INSTRUCTIONS FOR THE TASK = After locating the line with "Używany, sprawny duży" below, output it and each following line exactly, stopping after the line with "Das rosé-goldene Korsett". No pictures.

DATA =
----

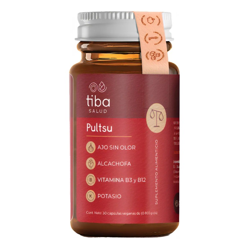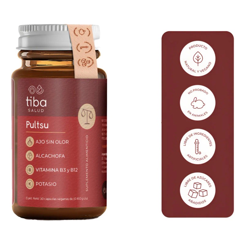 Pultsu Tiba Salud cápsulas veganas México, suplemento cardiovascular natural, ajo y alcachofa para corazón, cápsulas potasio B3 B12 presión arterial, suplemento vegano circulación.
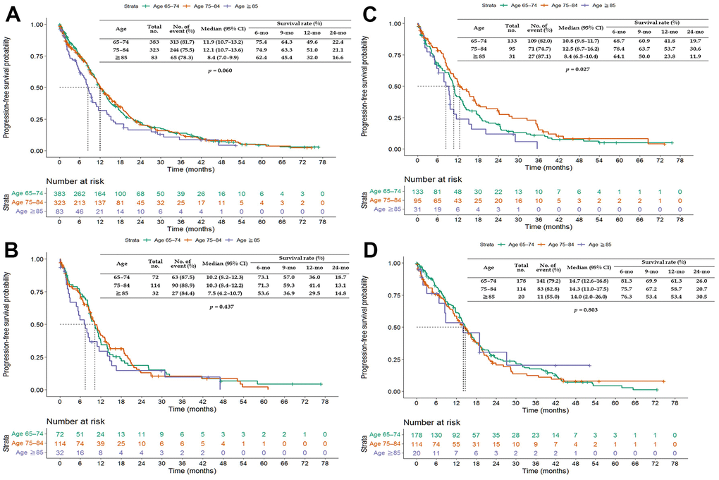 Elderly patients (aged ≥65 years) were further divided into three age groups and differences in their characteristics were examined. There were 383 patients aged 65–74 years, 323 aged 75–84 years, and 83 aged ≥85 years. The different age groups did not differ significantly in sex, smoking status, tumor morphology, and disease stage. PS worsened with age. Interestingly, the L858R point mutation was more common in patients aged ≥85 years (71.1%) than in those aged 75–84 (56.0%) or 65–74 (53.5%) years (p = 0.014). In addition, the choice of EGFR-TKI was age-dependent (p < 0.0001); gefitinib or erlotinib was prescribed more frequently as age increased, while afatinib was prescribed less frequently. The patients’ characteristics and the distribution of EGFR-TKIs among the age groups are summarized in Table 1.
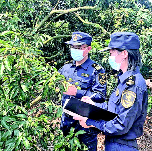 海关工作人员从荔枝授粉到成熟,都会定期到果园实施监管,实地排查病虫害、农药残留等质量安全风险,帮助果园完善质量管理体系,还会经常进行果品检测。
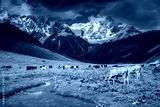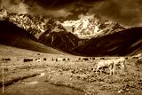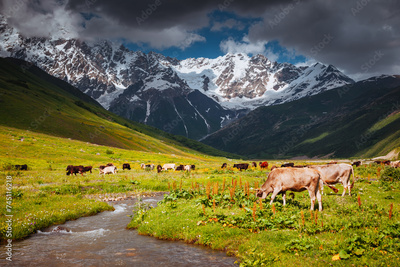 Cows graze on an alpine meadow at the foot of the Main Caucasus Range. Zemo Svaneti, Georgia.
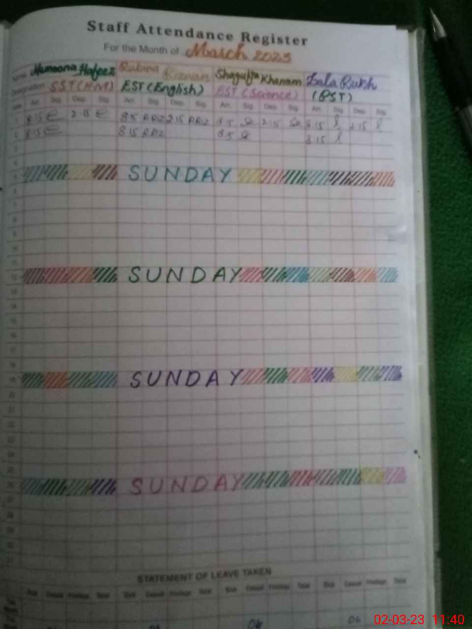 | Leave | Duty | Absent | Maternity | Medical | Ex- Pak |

----

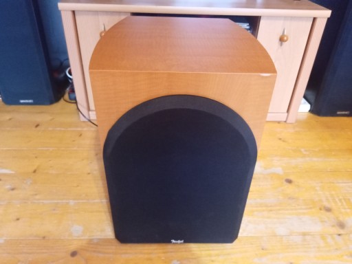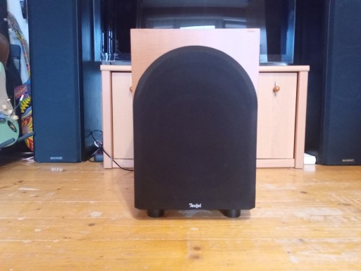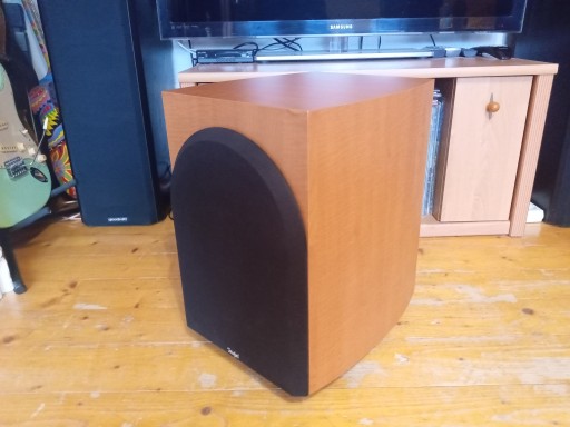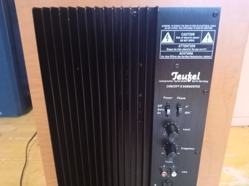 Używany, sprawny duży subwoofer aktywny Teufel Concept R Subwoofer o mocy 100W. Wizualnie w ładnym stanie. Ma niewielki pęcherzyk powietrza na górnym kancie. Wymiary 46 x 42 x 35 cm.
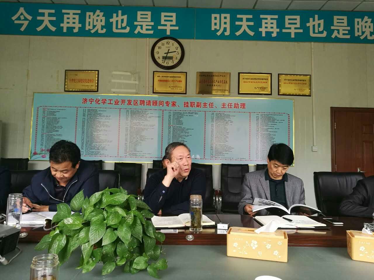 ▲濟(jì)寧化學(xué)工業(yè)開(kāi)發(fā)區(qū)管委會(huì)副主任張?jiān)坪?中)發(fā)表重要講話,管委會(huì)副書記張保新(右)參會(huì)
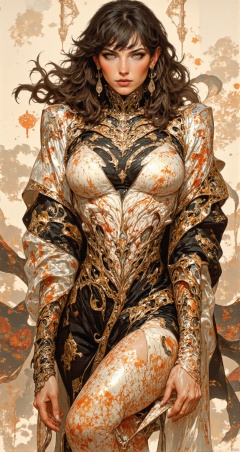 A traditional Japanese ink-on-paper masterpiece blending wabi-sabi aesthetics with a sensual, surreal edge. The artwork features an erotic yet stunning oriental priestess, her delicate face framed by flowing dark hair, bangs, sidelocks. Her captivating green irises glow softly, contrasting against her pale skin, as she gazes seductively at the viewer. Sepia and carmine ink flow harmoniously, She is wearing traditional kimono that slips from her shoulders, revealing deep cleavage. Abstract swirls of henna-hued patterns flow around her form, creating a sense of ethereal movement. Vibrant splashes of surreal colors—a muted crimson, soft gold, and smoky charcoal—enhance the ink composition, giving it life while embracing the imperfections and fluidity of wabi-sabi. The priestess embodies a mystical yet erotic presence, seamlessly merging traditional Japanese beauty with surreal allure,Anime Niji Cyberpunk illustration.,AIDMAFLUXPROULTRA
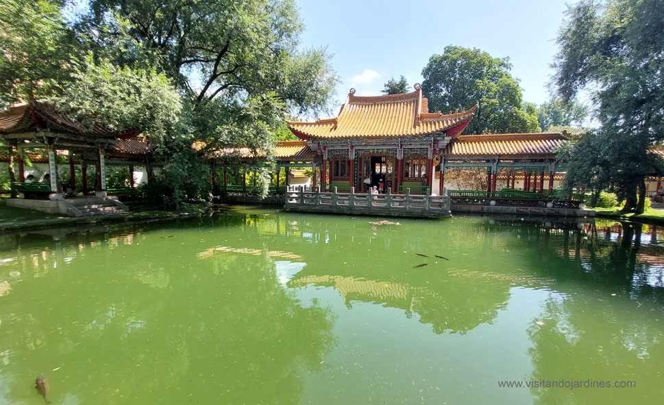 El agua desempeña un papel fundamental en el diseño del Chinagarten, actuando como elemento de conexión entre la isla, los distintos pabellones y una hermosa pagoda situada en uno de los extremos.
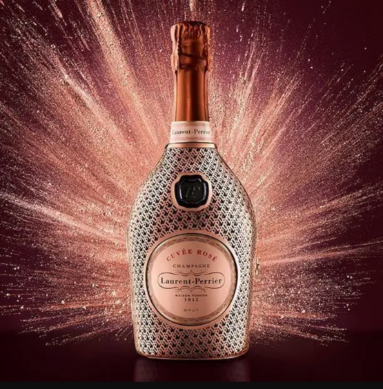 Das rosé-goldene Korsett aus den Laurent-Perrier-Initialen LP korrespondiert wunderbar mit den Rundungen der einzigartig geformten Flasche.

----

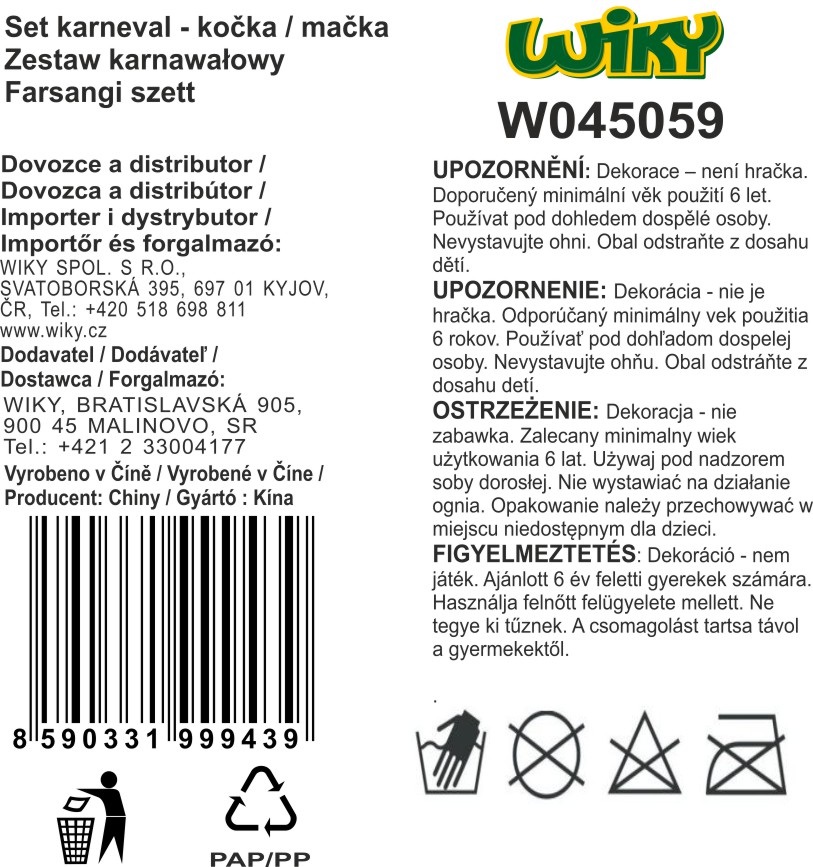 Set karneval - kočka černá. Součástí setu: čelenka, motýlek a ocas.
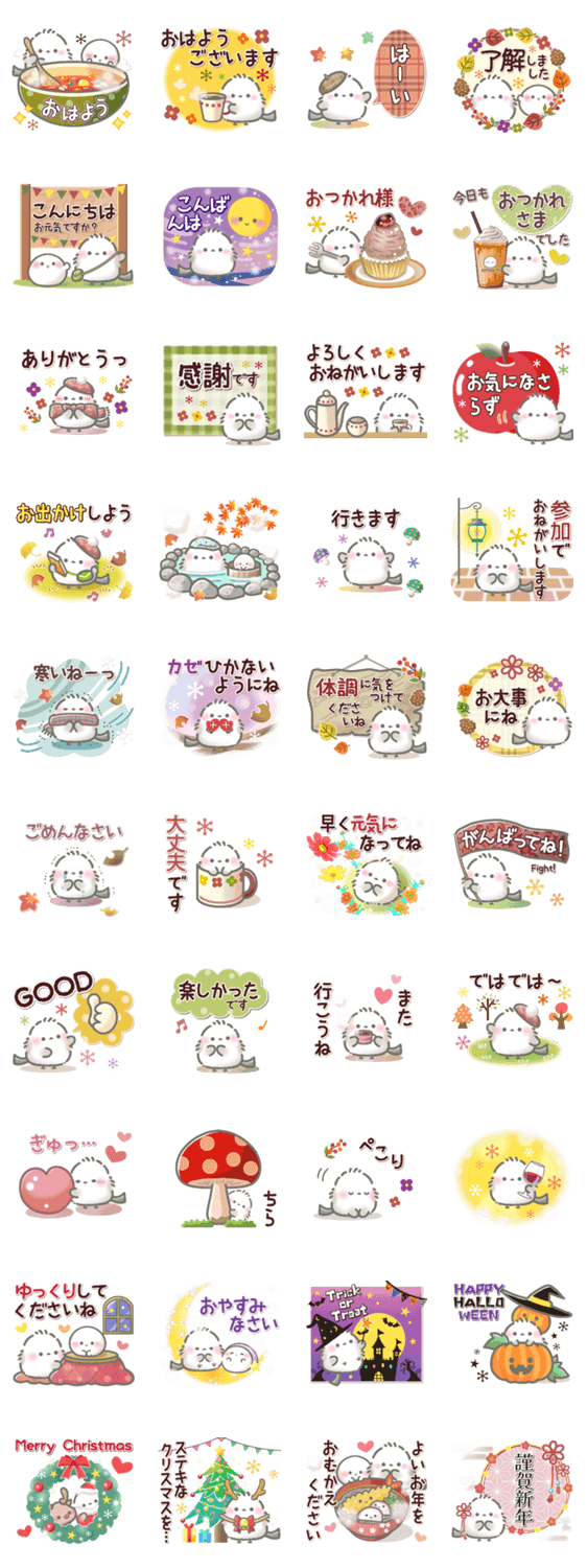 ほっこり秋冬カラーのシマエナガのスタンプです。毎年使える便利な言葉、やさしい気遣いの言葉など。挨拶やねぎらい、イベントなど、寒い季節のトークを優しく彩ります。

----

EXPECTED ANSWER =
 Używany, sprawny duży subwoofer aktywny Teufel Concept R Subwoofer o mocy 100W. Wizualnie w ładnym stanie. Ma niewielki pęcherzyk powietrza na górnym kancie. Wymiary 46 x 42 x 35 cm.
 ▲濟(jì)寧化學(xué)工業(yè)開(kāi)發(fā)區(qū)管委會(huì)副主任張?jiān)坪?中)發(fā)表重要講話,管委會(huì)副書記張保新(右)參會(huì)
 A traditional Japanese ink-on-paper masterpiece blending wabi-sabi aesthetics with a sensual, surreal edge. The artwork features an erotic yet stunning oriental priestess, her delicate face framed by flowing dark hair, bangs, sidelocks. Her captivating green irises glow softly, contrasting against her pale skin, as she gazes seductively at the viewer. Sepia and carmine ink flow harmoniously, She is wearing traditional kimono that slips from her shoulders, revealing deep cleavage. Abstract swirls of henna-hued patterns flow around her form, creating a sense of ethereal movement. Vibrant splashes of surreal colors—a muted crimson, soft gold, and smoky charcoal—enhance the ink composition, giving it life while embracing the imperfections and fluidity of wabi-sabi. The priestess embodies a mystical yet erotic presence, seamlessly merging traditional Japanese beauty with surreal allure,Anime Niji Cyberpunk illustration.,AIDMAFLUXPROULTRA
 El agua desempeña un papel fundamental en el diseño del Chinagarten, actuando como elemento de conexión entre la isla, los distintos pabellones y una hermosa pagoda situada en uno de los extremos.
 Das rosé-goldene Korsett aus den Laurent-Perrier-Initialen LP korrespondiert wunderbar mit den Rundungen der einzigartig geformten Flasche.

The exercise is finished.